→ TASK TO CARRY OUT
Once the line containing "in extraordinary cases." is located in the records below, repeat it and all lines that follow it exactly, leaving out any picture.

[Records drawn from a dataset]
======

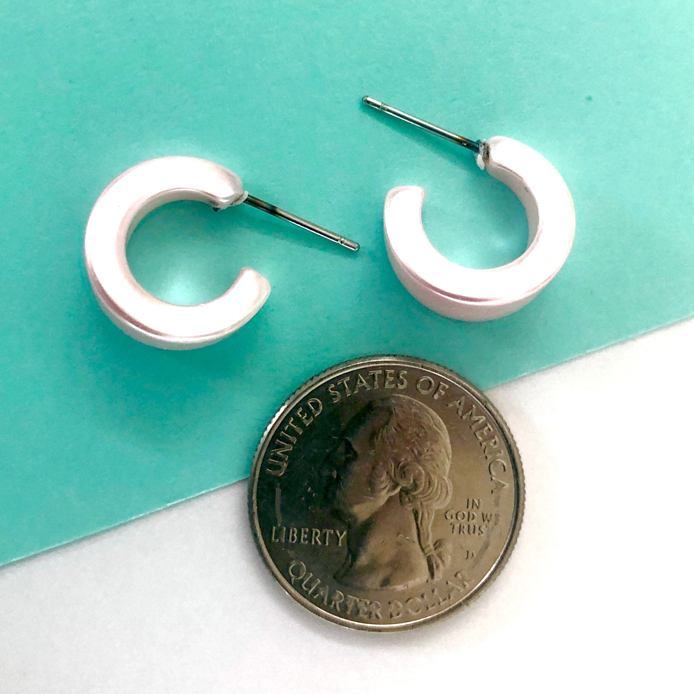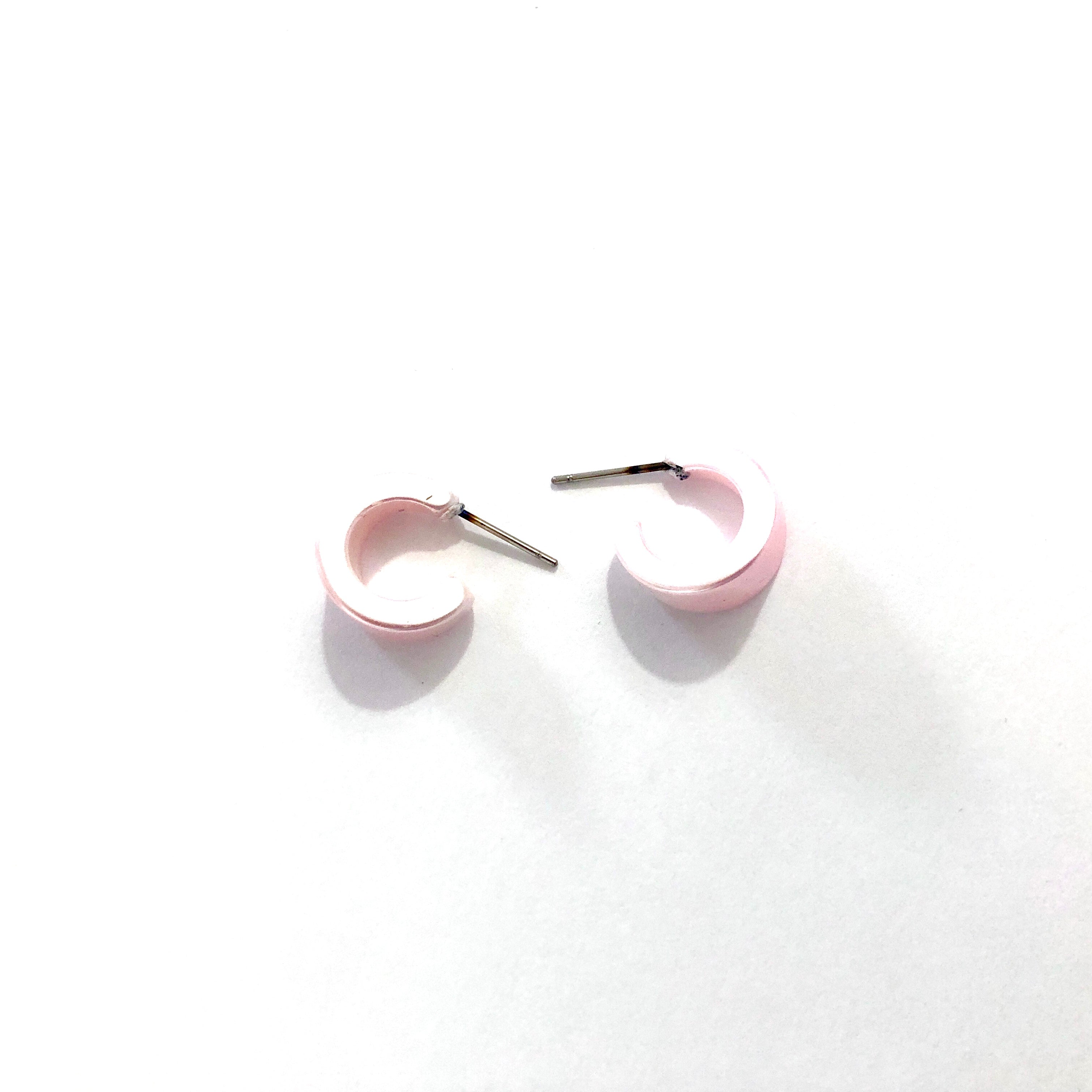 Lovely and small, lobe-hugging hoops in pale pink in a satin pearl finish. This is the Tiny Boom hoop style. Each measures approximately 16mm or 3/4" in diameter and 10mm in width slightly smaller than the Mini Boomer. The Tiny Boom Hoop is the smallest in the boom family (even smaller than the mini).
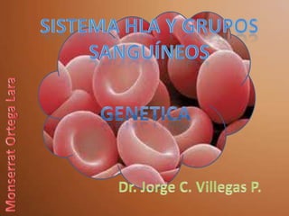 El documento resume las características principales del complejo mayor de histocompatibilidad (MHC) y del sistema sanguíneo ABO. Explica que el MHC se compone de múltiples genes en el cromosoma 6 que clasifican la sangre en cuatro tipos (O, A, B, AB) según la presencia de antígenos A y B en los glóbulos rojos y anticuerpos en el plasma. También describe la herencia de estos sistemas y la frecuencia de los distintos tipos sanguíneos.
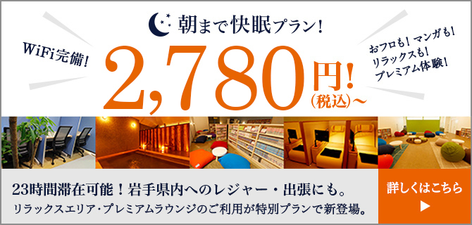 女性専用多目的ルーム女性向けのコミックもご用意。周りを気にせずお楽しみいただけます。「ダメになるクッション」も完備。パウダールームも充実。
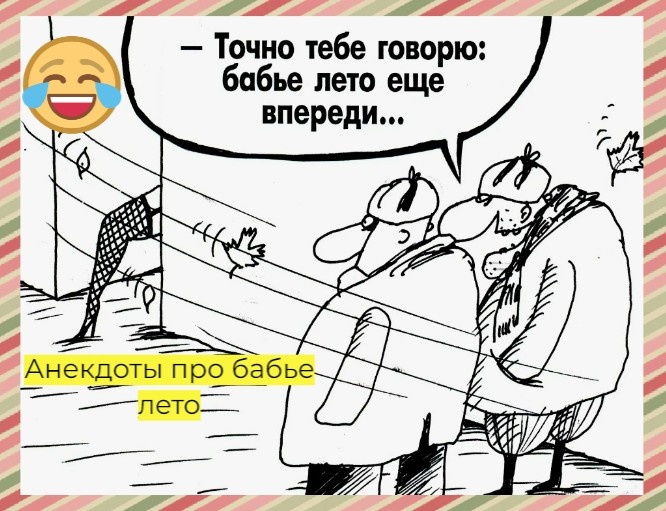 "Бабье лето" - это короткий, но очень теплый и приятный период осени, когда природа словно дарит нам последние солнечные деньки перед холодами. И, конечно же, вокруг этого времени года тоже накопилось немало смешных историй и забавных ситуаций. Предлагаем вашему вниманию подборку самых ржачных анекдотов про "бабье лето"!
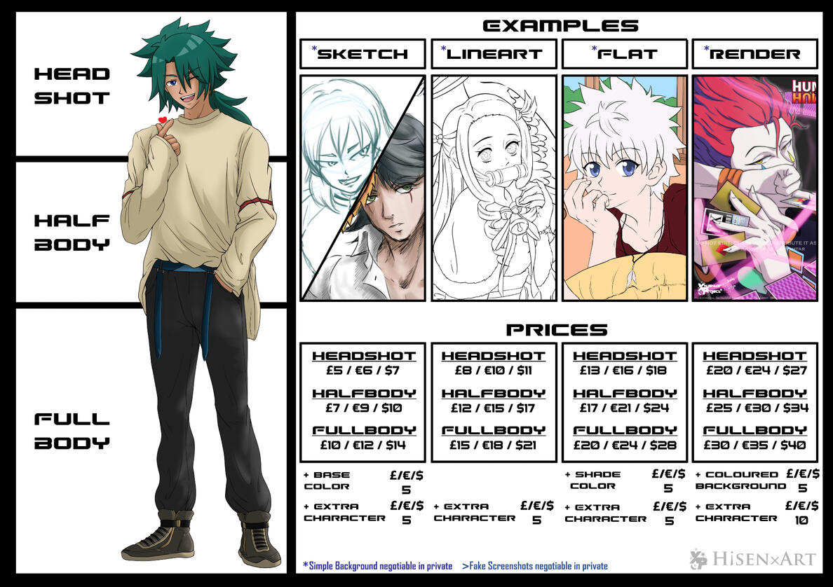 • I accept half up-front payment and half after lineart or finished commission only with Flat-Half/Full Body and Render-Half/Full body in extraordinary cases.
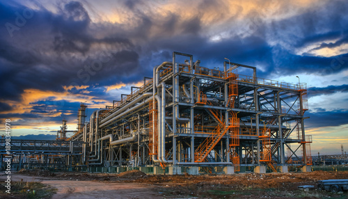 Industrial refinery plant with complex piping and structures at dramatic sunset
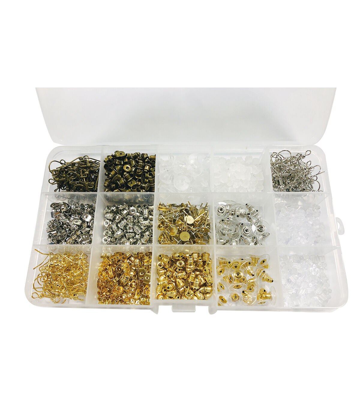 The hildie & jo Small Earrings Component Kit will make a great addition to your jewelry-making essentials. This box comprises different earring components such as hook clasps, earring backs, studs and more. Use them to complete your DIY earring projects or team them with beads and charms to create earrings, necklaces and more.
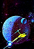 Raumboote vor Planetenkugeln und im Zentrum erleuchtetem Spiralnebel, siehe auch
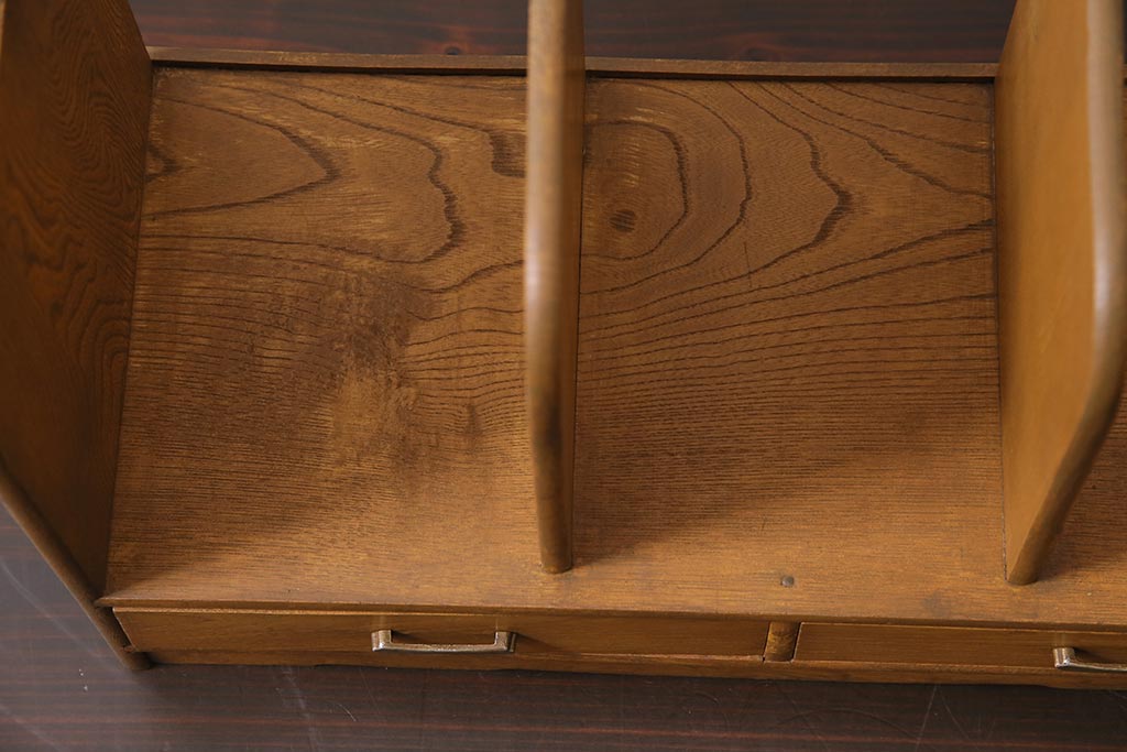 レトロ雑貨 昭和中期 素朴な味わいの引き出し付きブックスタンド(本立て、小物収納)(R-044749)

======

→ FINISHED TASK
 • I accept half up-front payment and half after lineart or finished commission only with Flat-Half/Full Body and Render-Half/Full body in extraordinary cases.
 Industrial refinery plant with complex piping and structures at dramatic sunset
 The hildie & jo Small Earrings Component Kit will make a great addition to your jewelry-making essentials. This box comprises different earring components such as hook clasps, earring backs, studs and more. Use them to complete your DIY earring projects or team them with beads and charms to create earrings, necklaces and more.
 Raumboote vor Planetenkugeln und im Zentrum erleuchtetem Spiralnebel, siehe auch
 レトロ雑貨 昭和中期 素朴な味わいの引き出し付きブックスタンド(本立て、小物収納)(R-044749)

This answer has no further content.